## EXERCISE DETAILS
In the entries below, begin at the line with "When George and" and stop after the line with "新隊員們在少先隊大隊委蔡鯤燁"; output those lines exactly and omit the pictures.

## DATASET CONTENT
◇ ◇ ◇
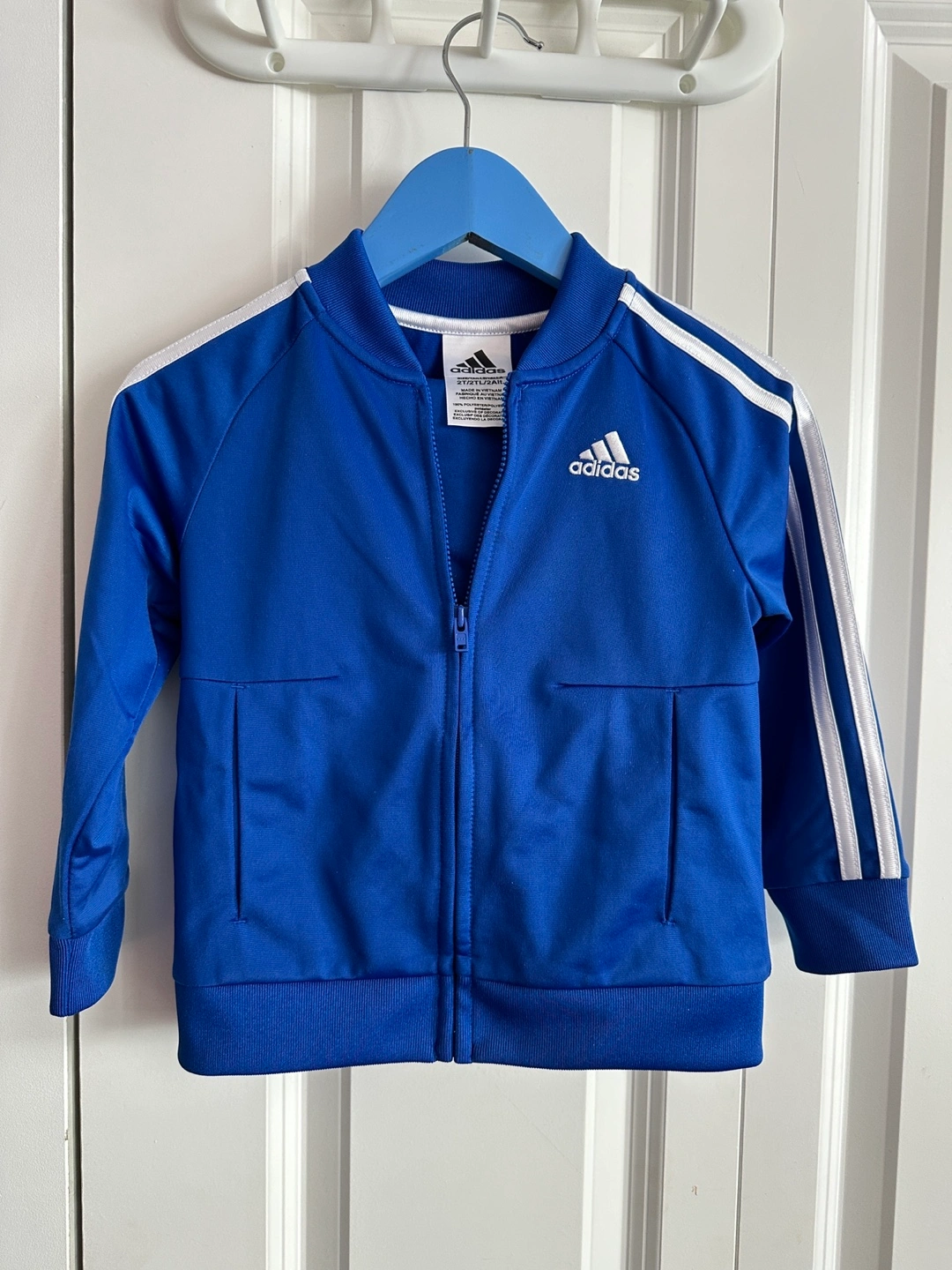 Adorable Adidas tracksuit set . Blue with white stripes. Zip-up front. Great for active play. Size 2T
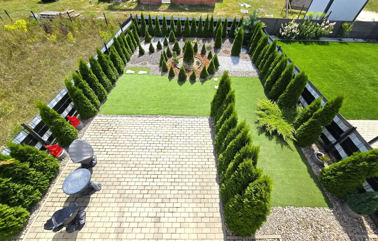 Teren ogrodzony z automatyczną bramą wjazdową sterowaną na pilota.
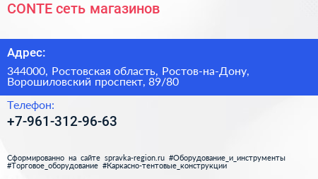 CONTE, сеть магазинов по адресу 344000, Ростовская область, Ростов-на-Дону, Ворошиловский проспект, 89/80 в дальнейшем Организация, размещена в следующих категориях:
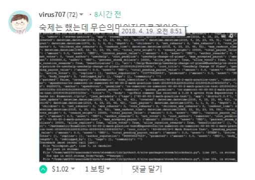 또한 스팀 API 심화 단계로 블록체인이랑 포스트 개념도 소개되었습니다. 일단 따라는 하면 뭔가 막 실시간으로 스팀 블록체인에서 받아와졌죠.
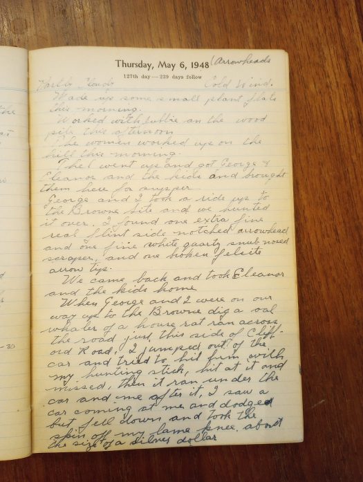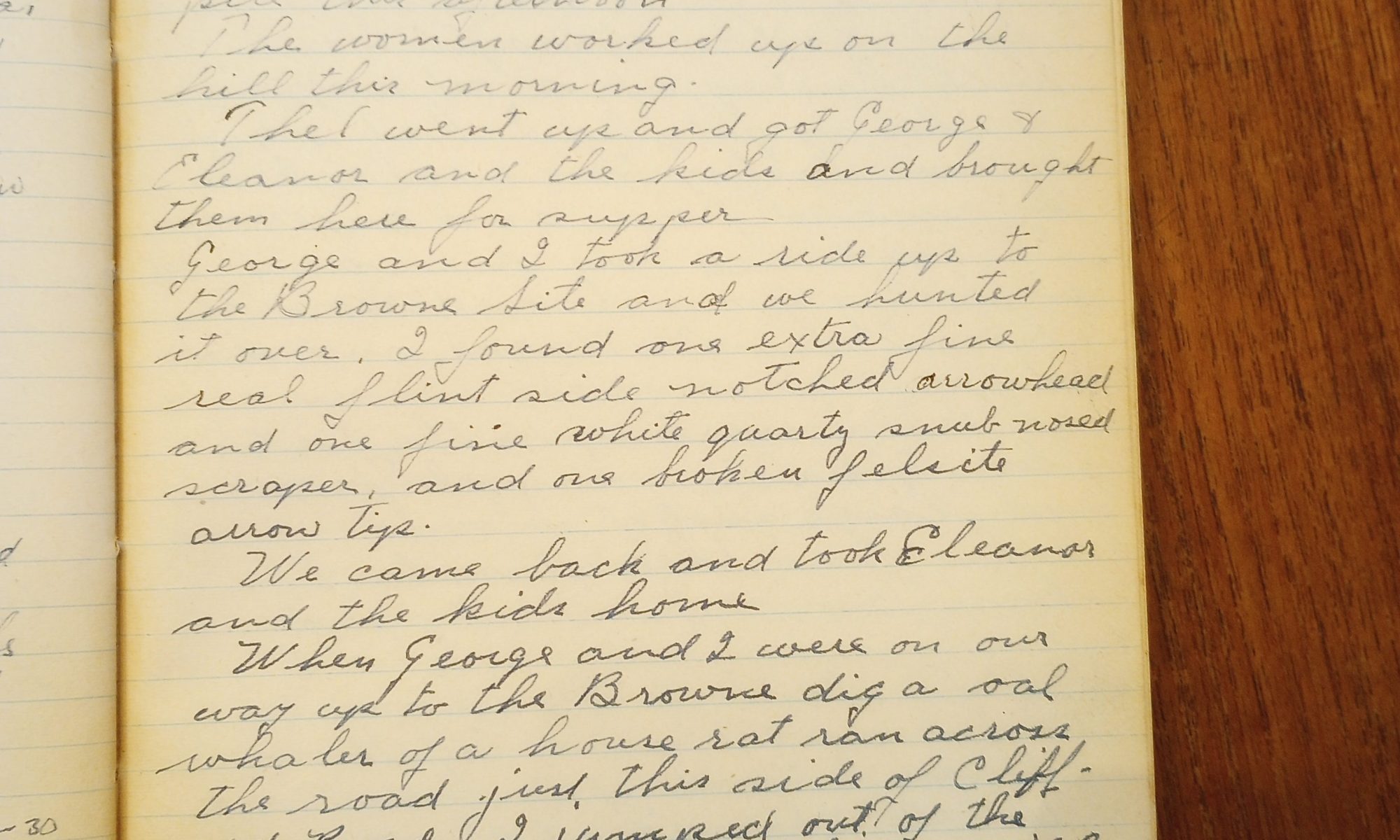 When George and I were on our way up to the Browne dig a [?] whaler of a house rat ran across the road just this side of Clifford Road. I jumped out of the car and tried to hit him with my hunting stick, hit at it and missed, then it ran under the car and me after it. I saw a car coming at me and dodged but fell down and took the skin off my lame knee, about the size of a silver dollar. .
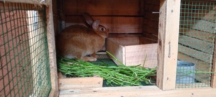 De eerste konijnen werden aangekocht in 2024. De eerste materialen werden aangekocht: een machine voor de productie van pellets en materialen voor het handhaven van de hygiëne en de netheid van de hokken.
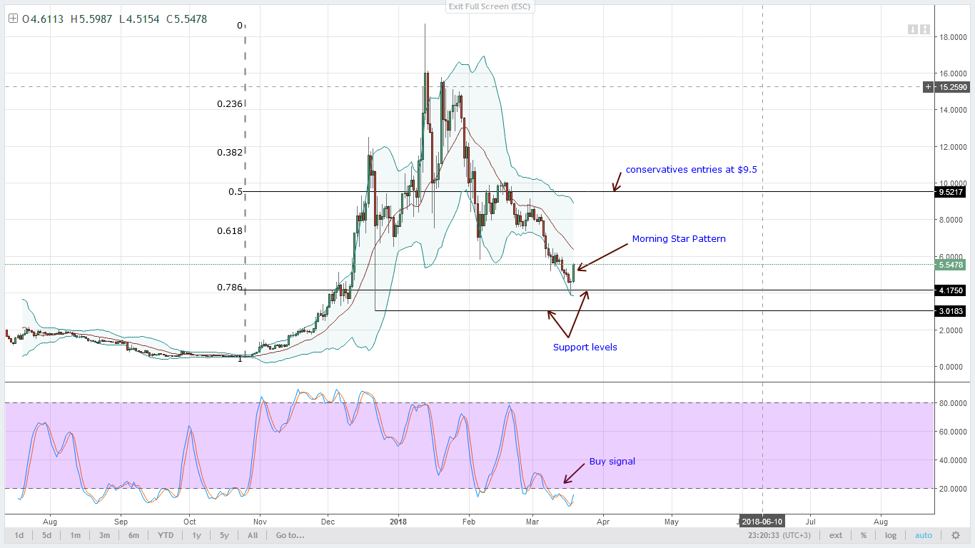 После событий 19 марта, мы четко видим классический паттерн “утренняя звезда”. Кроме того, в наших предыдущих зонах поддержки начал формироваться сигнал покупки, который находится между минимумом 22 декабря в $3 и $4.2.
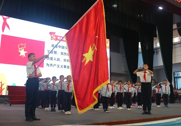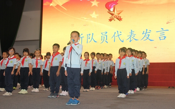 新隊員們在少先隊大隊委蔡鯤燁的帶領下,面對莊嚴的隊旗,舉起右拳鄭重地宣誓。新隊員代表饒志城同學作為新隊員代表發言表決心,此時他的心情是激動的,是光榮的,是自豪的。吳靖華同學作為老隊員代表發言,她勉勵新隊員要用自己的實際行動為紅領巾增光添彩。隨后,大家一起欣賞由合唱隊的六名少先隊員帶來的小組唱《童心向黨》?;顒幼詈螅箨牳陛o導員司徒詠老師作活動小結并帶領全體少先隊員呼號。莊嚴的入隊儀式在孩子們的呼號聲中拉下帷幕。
◇ ◇ ◇
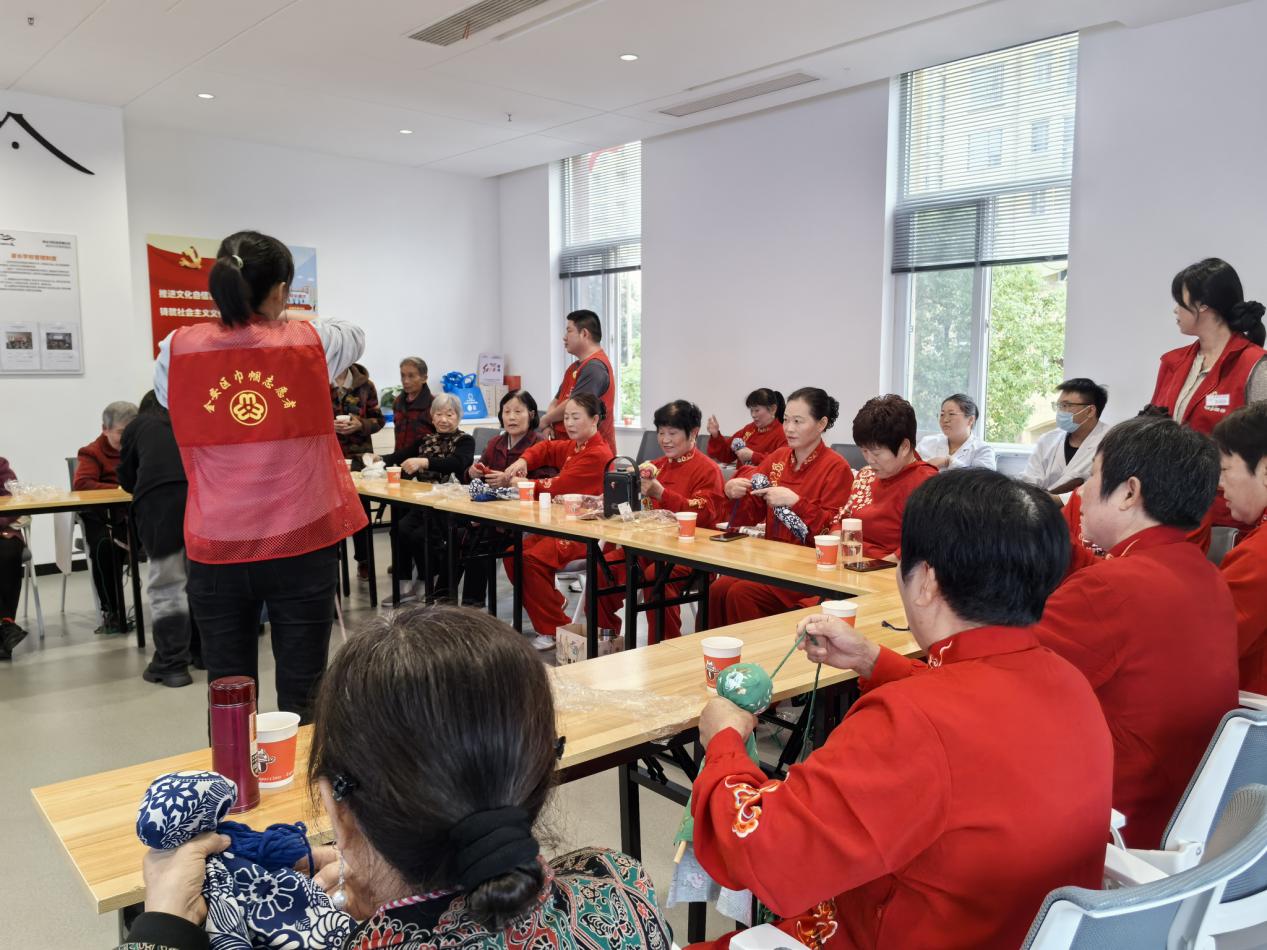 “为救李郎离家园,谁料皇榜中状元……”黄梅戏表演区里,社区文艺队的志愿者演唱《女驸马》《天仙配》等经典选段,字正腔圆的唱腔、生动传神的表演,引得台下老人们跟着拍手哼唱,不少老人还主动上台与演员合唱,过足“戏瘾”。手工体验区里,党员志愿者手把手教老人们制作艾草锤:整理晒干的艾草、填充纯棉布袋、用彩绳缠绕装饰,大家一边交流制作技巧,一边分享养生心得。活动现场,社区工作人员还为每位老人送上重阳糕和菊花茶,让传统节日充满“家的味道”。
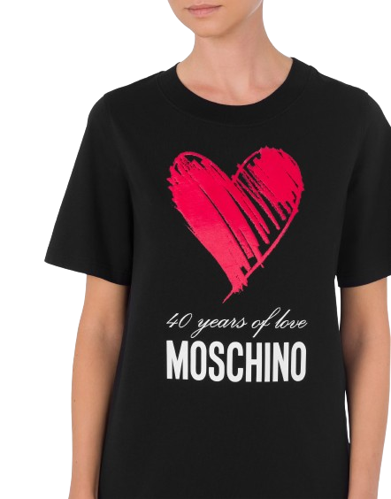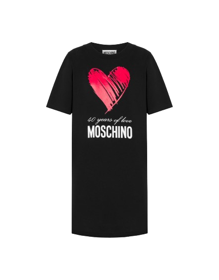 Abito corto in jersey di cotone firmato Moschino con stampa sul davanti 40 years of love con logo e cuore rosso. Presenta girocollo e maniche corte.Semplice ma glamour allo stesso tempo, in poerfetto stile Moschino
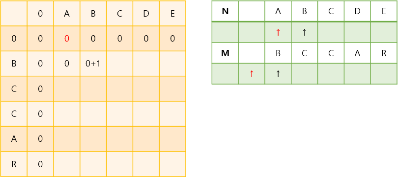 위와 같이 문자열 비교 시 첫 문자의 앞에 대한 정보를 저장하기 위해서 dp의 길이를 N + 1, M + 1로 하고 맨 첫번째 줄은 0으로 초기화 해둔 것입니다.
◇ ◇ ◇
## EXERCISE OUTPUT
 When George and I were on our way up to the Browne dig a [?] whaler of a house rat ran across the road just this side of Clifford Road. I jumped out of the car and tried to hit him with my hunting stick, hit at it and missed, then it ran under the car and me after it. I saw a car coming at me and dodged but fell down and took the skin off my lame knee, about the size of a silver dollar. .
 De eerste konijnen werden aangekocht in 2024. De eerste materialen werden aangekocht: een machine voor de productie van pellets en materialen voor het handhaven van de hygiëne en de netheid van de hokken.
 После событий 19 марта, мы четко видим классический паттерн “утренняя звезда”. Кроме того, в наших предыдущих зонах поддержки начал формироваться сигнал покупки, который находится между минимумом 22 декабря в $3 и $4.2.
 新隊員們在少先隊大隊委蔡鯤燁的帶領下,面對莊嚴的隊旗,舉起右拳鄭重地宣誓。新隊員代表饒志城同學作為新隊員代表發言表決心,此時他的心情是激動的,是光榮的,是自豪的。吳靖華同學作為老隊員代表發言,她勉勵新隊員要用自己的實際行動為紅領巾增光添彩。隨后,大家一起欣賞由合唱隊的六名少先隊員帶來的小組唱《童心向黨》?;顒幼詈螅箨牳陛o導員司徒詠老師作活動小結并帶領全體少先隊員呼號。莊嚴的入隊儀式在孩子們的呼號聲中拉下帷幕。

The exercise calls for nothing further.